Actively look for and fix these issues when touching code:
- vague or misleading names
- duplicated logic
- oversized functions
- oversized classes or modules
- mixed abstraction levels
- hidden side effects
- boolean control flags
- long parameter lists
- deep nesting
- excessive conditionals that should be isolated or polymorphic
- comment-heavy code that should be refactored instead
- dead code and unused abstractions
- fragile tests
- environment-dependent tests without need
- unnecessary indirection
- accidental complexity
- coupling that spreads change broadly
- build or tests requiring more than one manual step
- code at the wrong level of abstraction
- base classes depending on derivatives
- transitive navigation through object internals
- artificial coupling between unrelated concepts
- hidden logical dependencies
- unimplemented obvious behavior
- incorrect boundary behavior
- overridden safeties
- magic numbers without named meaning
- negative conditionals that obscure intent
- ignored tests and insufficient boundary tests
- functions that require readers to understand an algorithm before they can trust the name
For every non-trivial task:
- Understand the intent and affected behavior.
- Identify the simplest correct change.
- Improve names before adding comments.
- Keep edits localized when possible.
- Add or update tests as needed.
- Run relevant validation.
- Review the diff for readability, duplication, and unnecessary complexity.
- Ensure the final code is cleaner than before.
- Prefer explicit, boring, maintainable solutions.

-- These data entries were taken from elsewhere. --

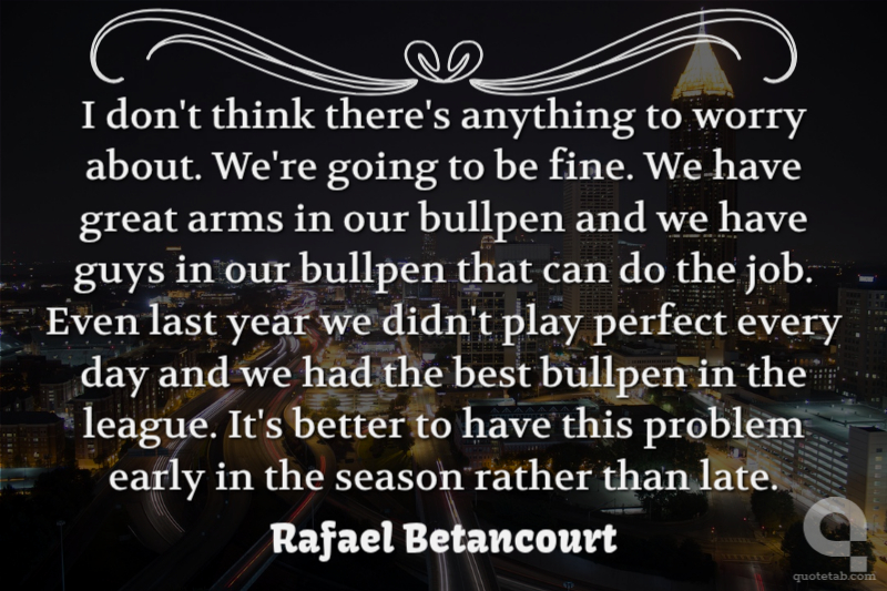 I don't think there's anything to worry about. We're going to be fine. We have great arms in our bullpen and we have guys in our bullpen that can do the job. Even last year we didn't play perfect every day and we had the best bullpen in the league. It's better to have this problem early in the season rather than late.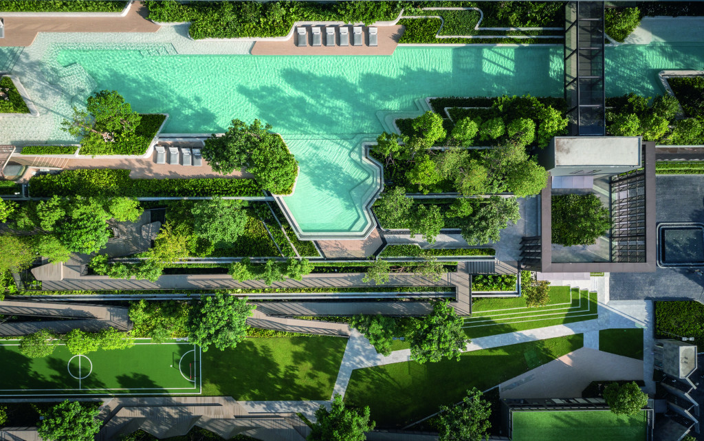 Auf die Frage „Wie lassen sich die Urbanisierung und die daraus resultierende Baudichte mit dem Bedürfnis der Menschen nach Regeneration in Einklang bringen?“ fand das Landschaftsarchitekturbüro Redland-scape aus Bangkok eine überzeugende Antwort. Deren Konzept „Sierra Sathorn“ kreiert einen vielschichtigen öffentlichen Raum mit üppigen Grün-, Sport- und Freizeitflächen zwischen den Gebäuden und auf deren Dächern. Communitygärten sorgen für Begegnung, grüne Terrassen und Wasserbasins für ein gutes Microklima. Die naturorientierte Landschaft in der Stadt wirkt gegen Hitzeinseln und lässt die Bewohner*innen die Artenvielfalt im dichten Großstadtdschungel entdecken.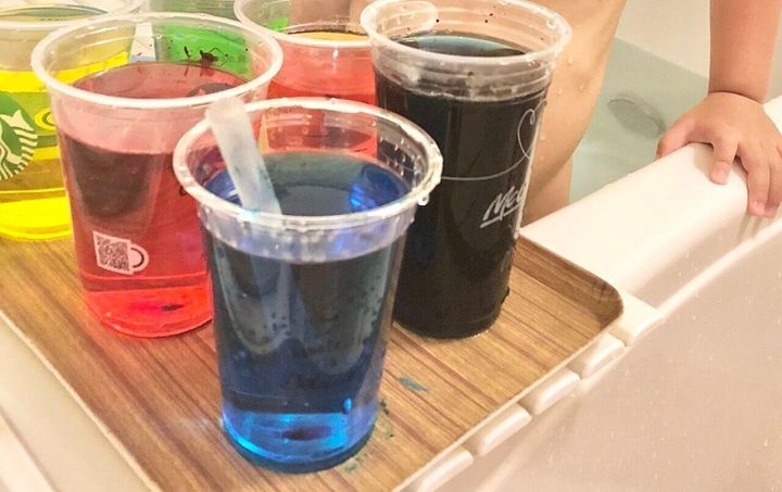 いつもと違う時間帯のお風呂は、子どもに断られることもありますが、食紅で色水を作ったり、100円ショップで購入可能なバスボールやお風呂クレヨンなどのアイテムを使うと気分が変わることがあります。
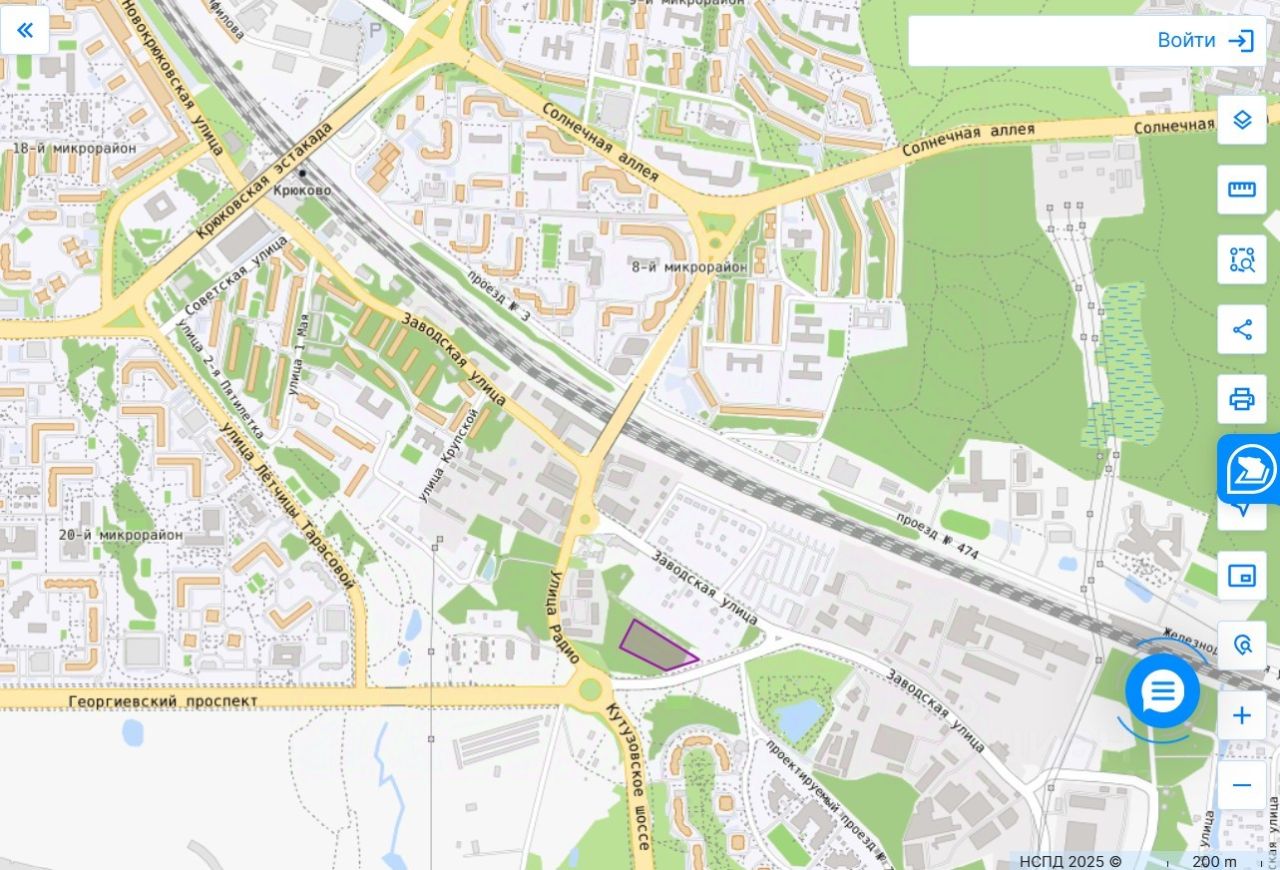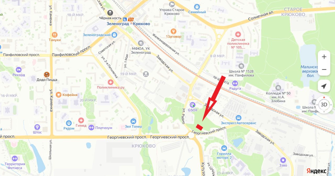 Земельный участок расположен в активно застраиваемом районе Крюково г. Зеленограда. На кольцевой развязке на пересечении дух основных магистралей - Георгиевского проспекта, ул. Радио и Кутузовского шоссе. В непосредственной близости от автомобильной дороги, на въезде в Зеленоград со стороны Пятницкого шоссе. На земельный участок будет организован заезд и выезд с главной автомобильной дороги. До станции D3 Зеленоград Крюково от участка 1,5 км.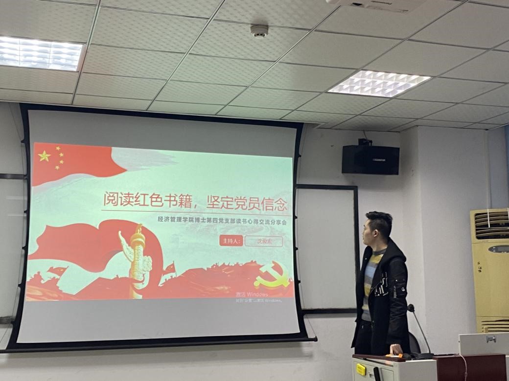 bat365官网登录入口博士研究生第四党支部于2023年4月24日晚7点在九里校区信息楼0304教室开展题为“阅读红色书籍,坚定党员信念”读书心得交流分享会。首先,党支部书记沈俊宏同志介绍了本次读书心得交流分享会活动,说明了开展此次活动的背景、目的以及安排。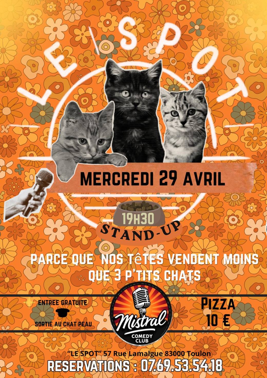 Entrée gratuite, sortie au chapeau et pizza à 10euro special stand up! Et ça se passe au bar Le Spot à Toulon !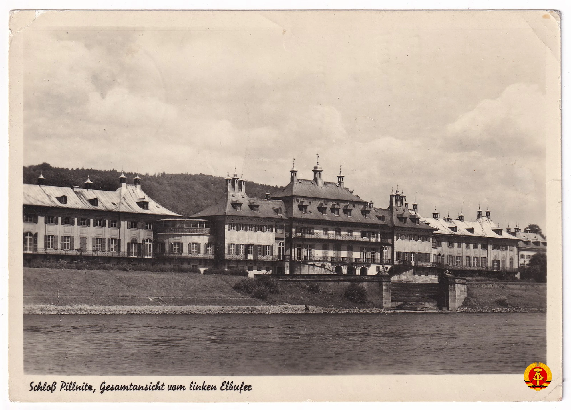 Schloß Pillnitz, Gesamtansicht vom linken Elbufer - 1956
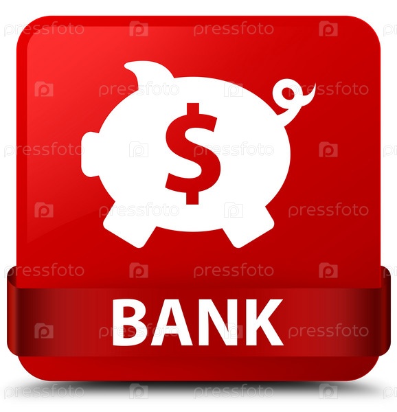 Банк (знак доллара свиного ящика) красная квадратная кнопка красная лента посередине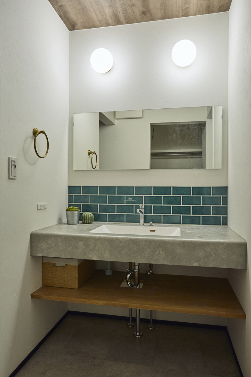 洗面とカウンタ―が一体となった商品でお掃除もしやすく、モルタル調のシートでおしゃれに仕上げています。緑のタイルが可愛らしい空間に。
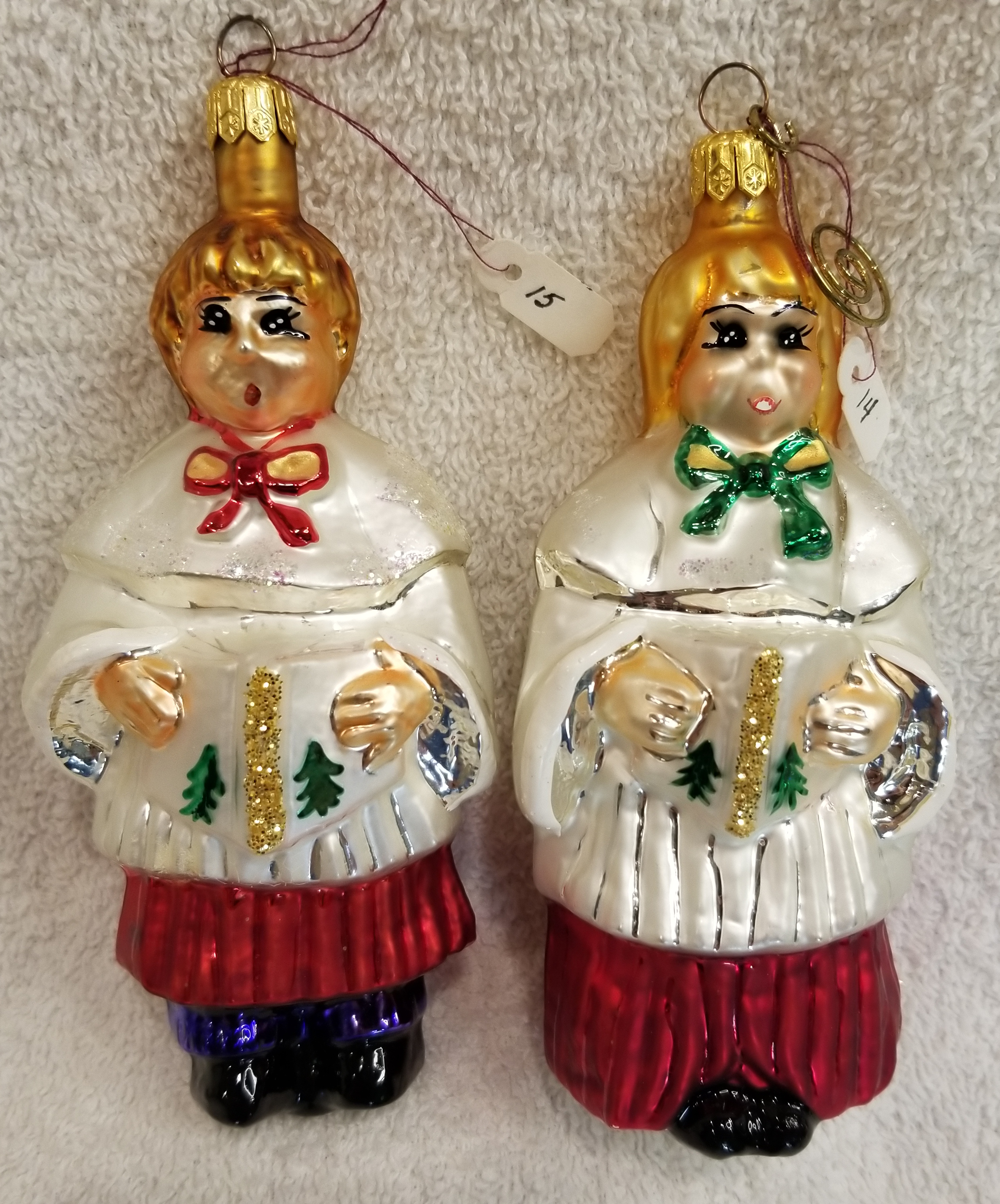 | Today I'm listing another cute pair. This is Sing Me Now, Radko number 96-176-0. I'm listing the boy and the girl together. They are both approx. 5" tall and seem like church choir members at a Christmas show. I have no idea why they are so expensive on ebay, but I'm listing the pair together at $50 plus shipping via Pirate Ship however you prefer. Please ask if there are any questions and thanks for taking a look! |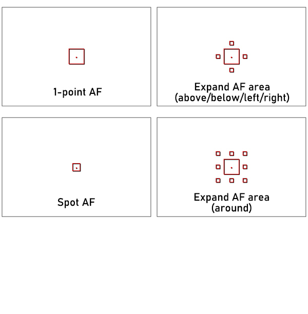 For example, - 1-point AF provides a small AF area that offers better precision over the subjects that you establish focus on, giving you greater control over your composition. - The Expand AF area modes improve tracking performance when photographing moving subjects, as the system also uses phase detection information from the areas surrounding the 1-point AF area. - Spot AF offers an AF area that is smaller than 1-point AF, ideal for scenes that require very precise focusing. - Whole area AF divides the entire image area into dense AF frame zones for AF. For example, the EOS R6 Mark II has 1053 zones that cover approximately 90%×100% (horizontal × vertical) of the image frame.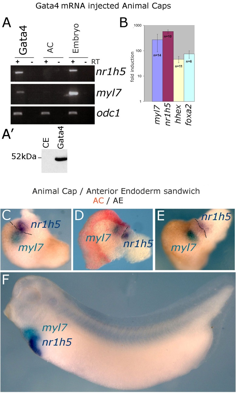 FIGURE 1. Induction of hepatogenesis in Gata4-expressing AC explants and AC/AE conjugates. (A,B) Marker gene analysis in Gata4-expressing animal caps. (A) RT-PCR showing expression of cardiac fate marker myl7, liver fate marker nr1h5 and control marker odc1 in Gata4 mRNA-injected ACs, control ACs and stage 33 sibling control embryo. Representative of four independent experiments. (Aâ²) Western blotting shows efficient translation of exogenous Gata4 protein. An equivalent of ½ embryo at st. 9 from a sample of five embryos has been loaded on the gel. (B) qPCR showing fold difference in expression between Gata4 treated animal caps and control animal caps grown to st. 33, induction of expression of myl7, nr1h5, hhex and marker of endodermfoxa2 is shown. Number of independent experiments (n) and standard error of the mean are shown. (CâE) Cardiac and liver domains are adjacent in AC/AE conjugates and (F) age matched sibling controls. AC/AE conjugates (sandwiches) were cultured until sibling control embryos reached st. 34 and were processed for myl7 expression (turquoise) and nr1h5 (purple) by WMISH. AC-derived tissue is shown in pink/red. Three AC/AE examples are shown demonstrating adjacent expression domains of myl7 in the AC-derived tissue and nr1h5 in the AE-derived component of the explant (12/12 specimens showed the same pattern). Dashed line highlights the border between AC and AE.

- Prefer standard library and existing project patterns over new dependencies.
- Do not add a dependency unless it clearly reduces overall complexity.
- Reuse established project conventions unless they conflict with these rules or the user explicitly asks otherwise.
- Keep interfaces small.
- Keep state transitions obvious.
- Avoid premature optimization.
- Optimize only when there is evidence or a known requirement.
Before finishing, verify all of the following:
- Names reveal intent.
- Functions are small and focused.
- Classes and modules have clear responsibilities.
- Comments are necessary and accurate.
- Error handling is explicit and useful.
- Duplication was removed where reasonable.
- Tests cover the changed behavior appropriately.
- The code reads cleanly from top to bottom.
- The design is simpler or at least not more complex than before.
- The change follows existing project conventions.
When making changes:
- Briefly explain what changed.
- State what tests or checks were run.
- Call out any unresolved risk, assumption, or trade-off.
- If a requested change conflicts with these rules, follow the user request but mention the conflict explicitly.
- Do not introduce misleading names.
- Do not keep duplicated logic without a strong reason.
- Do not add comments where better code would remove the need.
- Do not mix querying with mutation without a strong reason.
- Do not silently broaden scope beyond the requested task.
- Do not leave touched code less readable than before.